The installation is located in the upper gallery of the DOX tower. It utilizes authentic recordings of the trial, complementing the existing installation of large size canvases titled “Artists Anonymous: The Trial”, also based on the method of appropriation, i.e. the selection of certain material and its transfer into a different context. In both cases the subject of appropriation is the political propaganda of a totalitarian regime that turned into a monstrous theatre of the absurd.
In May 2010, sixty years will have passed since the most infamous show
trial of Communist Czechoslovakia, in which four people were sentenced
to death, including JUDr. Milada Horáková, whose execution has become
the symbol of totalitarian terror.
The exhibition The Trial, which is the second site-specific project created for the upper tower gallery, concentrates on the show trials of the 1950s. The work adopts the method of appropriation that reuses certain, most often commercial, objects or images and changes their context and meaning. The Trial’s subject, however, is not advertising or popular culture, but rather political propaganda, notably the covers of the trial proceedings published in conjunction with the three largest show trials organized by the Czechoslovak Communist regime under the guidance of Soviet advisors in 1950 and 1952. .
The “Trial of the Leadership of the Seditious Plot Against the Republic:
Horáková and Associates” took place in Prague from May 5 to June 8,
1951, and focused on the officials of the Czechoslovak National
Socialist Party.

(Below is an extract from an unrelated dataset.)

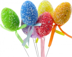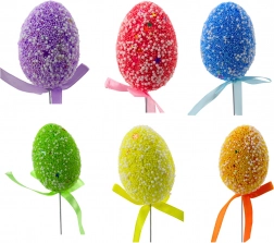 Verleihen Sie Ihrem Zuhause österliche Stimmung mit dem Set aus 6 bunten Eiern am Stab. Jedes Ei ist mit kleinen Kügelchen und dezenten Mustern verziert, die eine attraktive Textur schaffen. Die abgestimmte Satinschleife unterstreicht den eleganten Look und den einheitlichen Stil der Dekoration.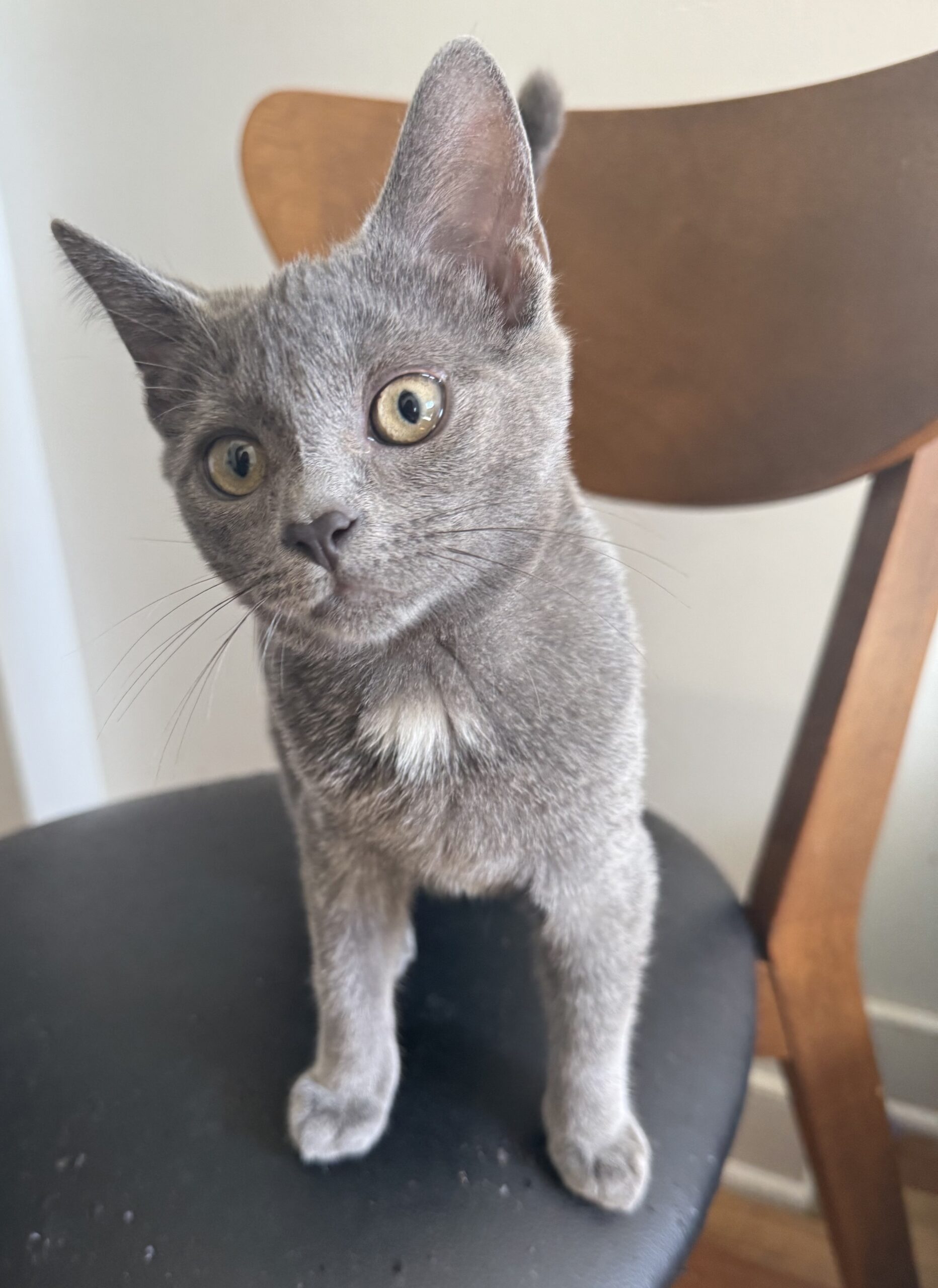 Chichi, a soft grey girl with quiet strength and a soul that glows.

It was followed by the “Trial of the Vatican Agents in
Czechoslovakia: Bishop Zela and Associates”, which was carried out from
November 27 to December 2, 1950. The show trials in Czechoslovakia
culminated in the “Trial of the Anti-State Conspiracy Center Headed by
Rudolf Slánský” in November 1952. It was a purge of high-ranking
Communist officials, of which eleven were executed.
While the work’s size and medium simulates the genre of monumental
painting, its authors want to remain anonymous, invoking the anonymity
of the original covers’ designers and the undisclosed nature of
propaganda on one hand and questioning the notions of authorship and
originality on the other. By extension, The Trial forces the viewer to think about other basic concepts, such as fact and fiction, ethics and aesthetics, art and life. The Trial thus seems to be an ideal complement to the Malík urvi II exhibition of the group Pode Bal located in the galleries below.